I pushed forward with an idea to topic model every Supreme Court case in history, excited to talk about it to anyone that would listen. It turned out that this enthusiasm was memorable: my project was passed around social media hundreds of times and this buzz resulted in a number of recruiter calls from tech firms like Google out of the blue. And the project has resulted in plenty of speaking opportunities as well.
I'm writing this post now as a pioneer for NLP in legal aid - building complex models that connect clients in need with the appropriate pro bono lawyer. This has been one of the most rewarding experiences I've had in my career, and it came to me because the founder of the startup saw my Supreme Court project online.
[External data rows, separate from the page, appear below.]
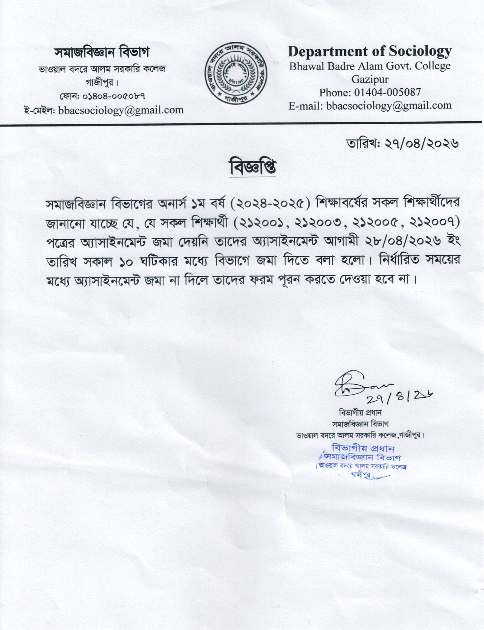 বাংলা বিভাগ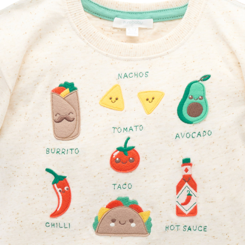 【產品描述】 ◆採用100%有機棉,安心材質 ◆趣味十足的墨西哥捲餅、玉米捲等貼布繡上衣 ◆側口袋和低襠設計的短褲,舒適有彈性 ◆超值套裝搭配,輕鬆打造夏日休閒風格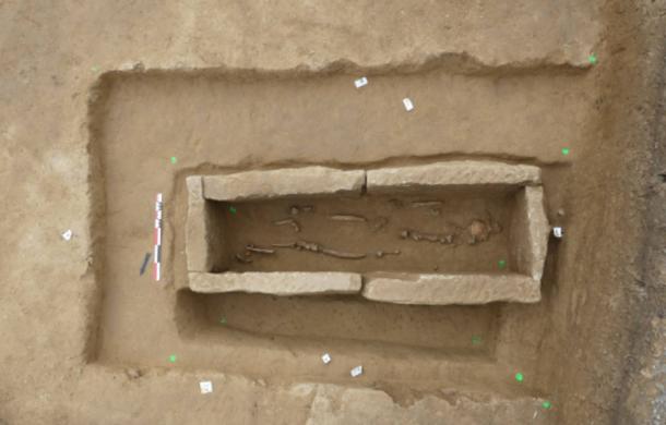 View of a burial contained in a coffered tomb from the early Middle Ages (600-700 AD), Pfulgriesheim (Bas-Rhin), 2024. (© Yasmine Mechadi/Inrap)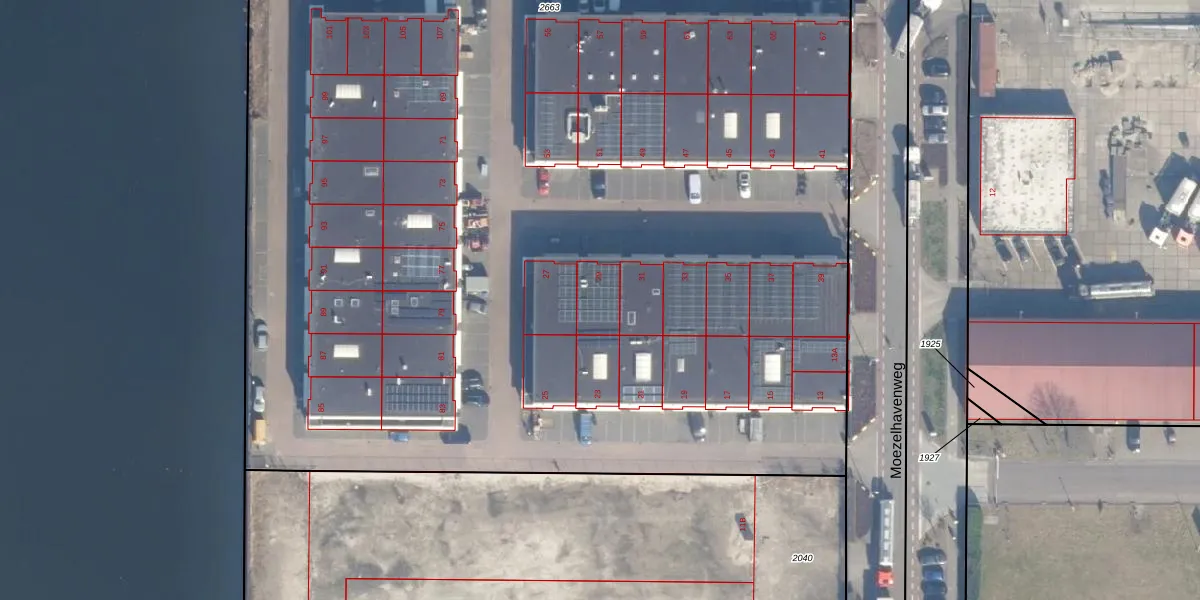 Het perceel waarop Moezelhavenweg 29 staat heeft een oppervlakte van 8850 m². Dit is een zeer groot perceel. De perceeloppervlakte wordt geregistreerd door het Kadaster. Gedetailleerde informatie over de maten van dit perceel kunt u vinden in het rapport Kadastrale kaart met maatvoering van Moezelhavenweg 29.

What can you do? So you've done a project with your X and 𝛽, now what? Tell me about it. Blog about it. Tweet about it. Connect with people directly. The more you write and talk about the subject, the more your name will become synonymous with your interests. The communication aspect is important because hard skills are nothing without being able to present them in a compelling way.
But wait, the dreaded Ɛ
It's easy to enter the market wide eyed and ready to impress. You've sorted out your angles and are confident in your unique voice. But you see rejection after rejection for the coveted title of Data Scientist. All of the pieces are there but your predictions are off.
Just as regressions without an error term, you've overfit the model. Take a step back; assess what roles are within your reach right now. Your ε is a good opportunity to consider where you want to get, but aren't quite there yet. Take the role that fits in your career (pro)gression while continuing to build your brand.
Parting words: always ask why
If you've made it this far, you should understand branding as more about knowing who you are and what work moves you than it is about choosing the right color scheme for the fall campaign. When you get into it, developing your brand as a Data Scientist is very fun, as you meet others with similar skills and interests.
- Simon Sinek's excellent talk on how great leaders inspire action.
- I didn't want to get too into intentions in this post, but don't be One of Those People who enters the industry solely for the money. If you are currently considering data science as a career, write down your reasons for pursuing data science and what you've liked and not liked about previous jobs. Be realistic about your current skills and abilities. Once you have this information, line up informational interviews to confirm with yourself. Hint: I have been known to occasionally accept informational interview requests.
- Are you an expert at any of the prerequisites? Can you describe a situation that proves that? Then absolutely highlight that skill! For example: you've been writing data processing modules in Python for 3 years and have contributed to sci-kit learn - your Python skill is your brand. The majority of Python programmers can't say that about themselves!